Interview – I was 4th in my panel. The same two guys, Bhai and Smooth, conducted the PI. Typical interview for all three panels lasted for between 12 and 15 minutes. Most freshers were being quizzed on academics, and work ex guys on technical questions related to their jobs. Not encouraging. I had not read up on any subject at all, and didn’t know much about my project to carry myself through an interview. Every interview started with “So, XXX, introduce yourself”. To which the only reply I had prepared was “Sir, I’m born and brought up in Mumbai. So are my parents. I studied also in Mumbai. I hope now to study in Kerala. <Hopeful grin>”.

When I went in, Smooth took over and asked me “So, Rahul, do you blog?” Wow! That was the absolute *best* start that I could have ever expected. What followed was a wonderful discussion of IBM’s blogging policy, the blogosphere inside IBM, how we can use blogs as a PR weapon against MS, Sun, Novell – and I took them through Robert Scoble of MS, Nat Friedman of Novell, Bryan Cantrill of Sun, then the Gaurav Sabnis-Rashmi Bansal-IIPM controversy, my own Businessworld article concerns, linking blogging v/s strikes as a way of registering protest, and finally Smooth asked “So after this interview, if I wrote nasty things about you and this interview on my blog, could you sue me?” So I said sure, of course, I could sue you for libel… but I would much rather use my blog to counter you and say nasty things about you too! So all three of us had a hearty laugh at that! In fact, everyone before me was saying that Bhai was rude, curt,  but with me both were very jovial and casual – it was more of a “mil baithenge teen yaar – Bhai, Smooth aur Rahul”. Really.

Then Bhai took me through IBM’s ISL and Global Services difference, asked me if I was good at Maths – to which I said an emphatic No. Then we went through a discussion of continuous functions, defined functions, maxima, minima – which I handled well. Then a discussion of distance between 2 points in an n-dimensional space. Rather than give formulae and stuff (which I was shaky at), I explained the concept rather well, and they nodded in approval multiple times. There was just a little hitch where I mistook a continuous function for a defined function (or the other way round). So Smooth asked me if they selected me, would I accept being put through a Mathematics Preparatory Course? So I said “After all this mess, I can hardly say no!” Again laughter all round, and Bhai said “No no, don’t worry!”.

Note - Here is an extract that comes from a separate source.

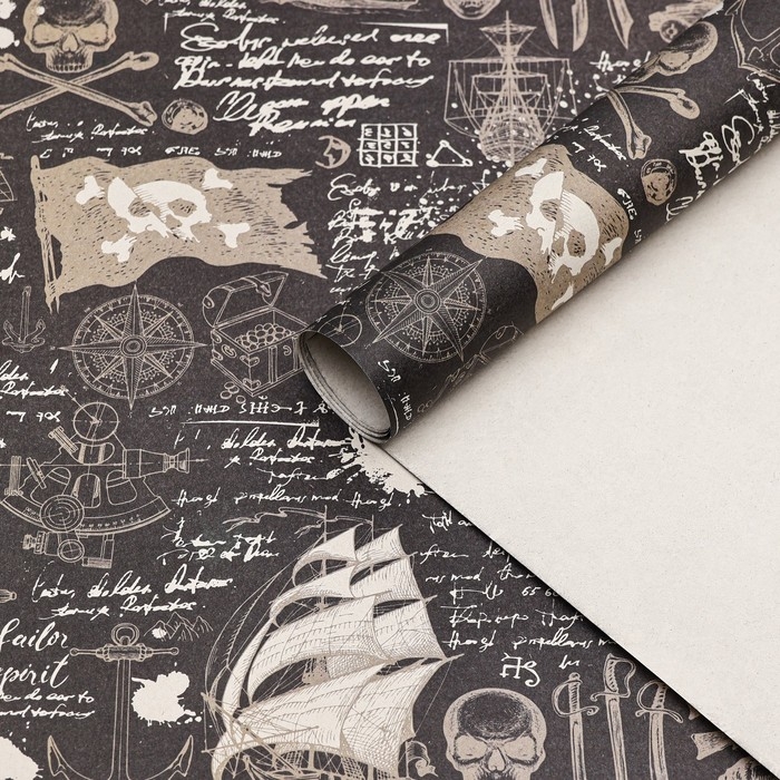Бумага упаковочная, крафт "Морской бой", 70 х 100 см, 1 лист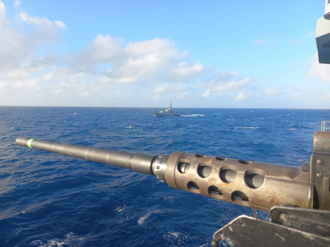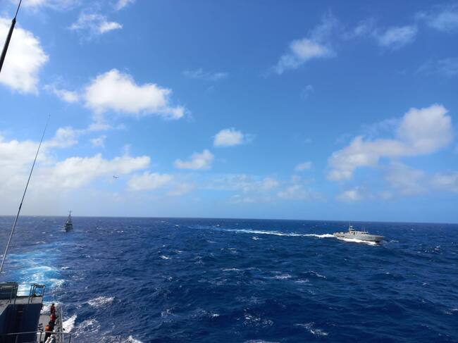 Desde la fragata ARC 'Almirante Padilla' se aprecian los buques de Jamaica y República Dominicana. Cortesía: Luis Ernesto Caicedo, Caracol Radio

Finally they looked at my certis, and said “Ok, Rahul! Do you have any questions for us?” So I asked them how IIMK was attempting to distinguish itself from the rest of the IIMs – because, I said, “We tend to stay in the shadow of the big 3” (Note the “we”!). So he talked about K’s attempts to build a brand, and said that age was the one factor why we were still counted as *inferior*. I mentioned that my call letter had “IIMK – The Second Generation IIM” written on it. Bhai roared with laughter and actually said this: “Bullshit! Those are the stupid policies of the Government of India! Not us! They put that on the envelope! Who can tell those people what makes sense and what does not! We have better things to say!” So there ended the interview – on a very casual, friendly note!! :-)

The folks outside asked me if anything was wrong – because the interview had lasted for about 35 minutes, as opposed to 12-15 minutes on an average.

Hmm – in retrospect – nothing was wrong, for the result on 12th April confirmed what I’d been expecting all along – I’m off to IIMK!!